Assignment: Using the listing below, output only the lines from the one that contains "Ahora haremos el" through the one that contains "15 кустовых пионовидных", inclusive, exactly as given and without images.

Data for the task:
- - - - - - -

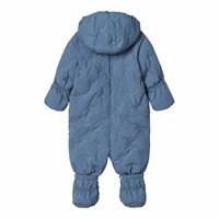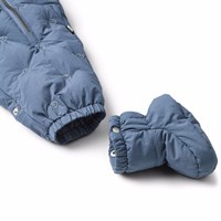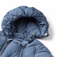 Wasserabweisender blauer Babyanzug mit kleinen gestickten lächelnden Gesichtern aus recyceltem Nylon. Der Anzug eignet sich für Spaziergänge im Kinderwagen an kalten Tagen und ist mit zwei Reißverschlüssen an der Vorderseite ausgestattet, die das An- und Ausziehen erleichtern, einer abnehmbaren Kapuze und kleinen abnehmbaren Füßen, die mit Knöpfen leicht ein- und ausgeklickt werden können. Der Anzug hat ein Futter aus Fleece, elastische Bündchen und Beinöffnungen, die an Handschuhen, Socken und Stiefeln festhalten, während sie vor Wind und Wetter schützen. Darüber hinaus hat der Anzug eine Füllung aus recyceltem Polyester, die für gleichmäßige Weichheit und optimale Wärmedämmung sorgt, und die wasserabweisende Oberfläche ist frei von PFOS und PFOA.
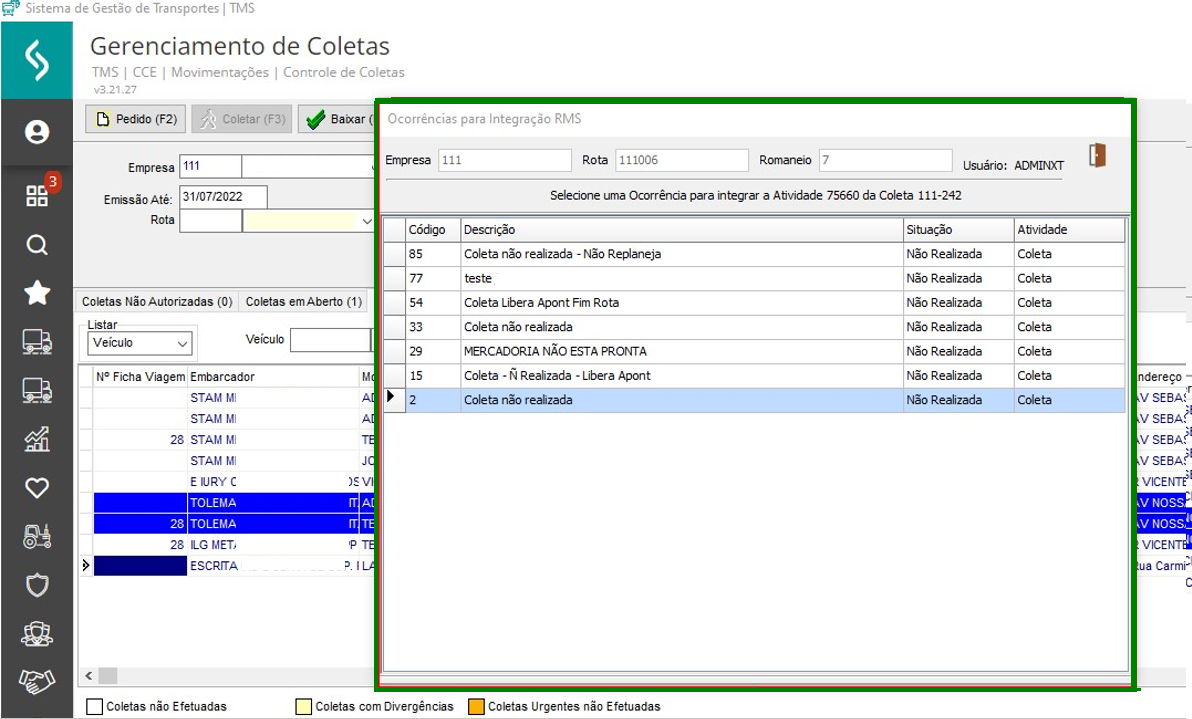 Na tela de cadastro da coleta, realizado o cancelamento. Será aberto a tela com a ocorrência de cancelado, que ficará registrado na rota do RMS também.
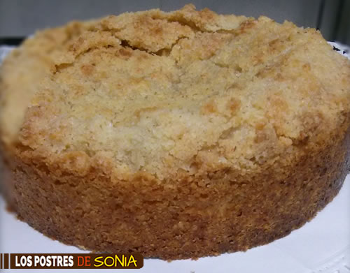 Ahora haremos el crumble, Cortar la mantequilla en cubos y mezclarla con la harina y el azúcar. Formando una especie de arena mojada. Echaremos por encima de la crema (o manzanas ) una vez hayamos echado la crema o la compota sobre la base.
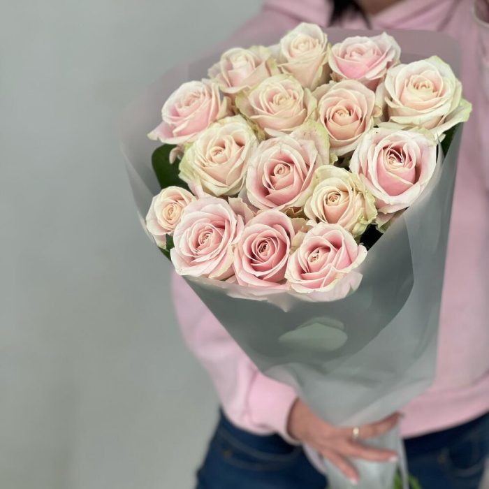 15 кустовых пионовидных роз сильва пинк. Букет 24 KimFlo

- - - - - - -

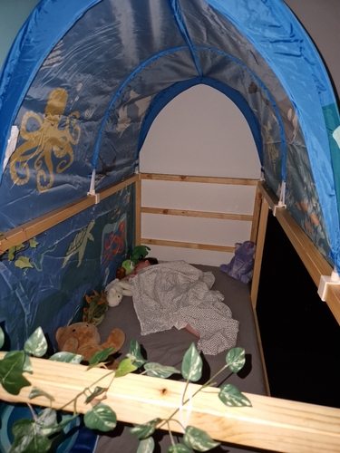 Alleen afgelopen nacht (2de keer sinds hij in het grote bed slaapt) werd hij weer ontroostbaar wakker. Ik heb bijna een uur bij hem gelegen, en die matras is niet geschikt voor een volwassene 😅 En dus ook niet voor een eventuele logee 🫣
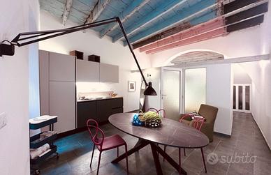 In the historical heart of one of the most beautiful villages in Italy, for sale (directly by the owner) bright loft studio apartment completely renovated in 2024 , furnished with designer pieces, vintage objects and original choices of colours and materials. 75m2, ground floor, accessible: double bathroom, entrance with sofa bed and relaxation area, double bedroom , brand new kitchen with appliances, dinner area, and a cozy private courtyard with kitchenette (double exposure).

- - - - - - -

Exercise result:
 Ahora haremos el crumble, Cortar la mantequilla en cubos y mezclarla con la harina y el azúcar. Formando una especie de arena mojada. Echaremos por encima de la crema (o manzanas ) una vez hayamos echado la crema o la compota sobre la base.
 15 кустовых пионовидных роз сильва пинк. Букет 24 KimFlo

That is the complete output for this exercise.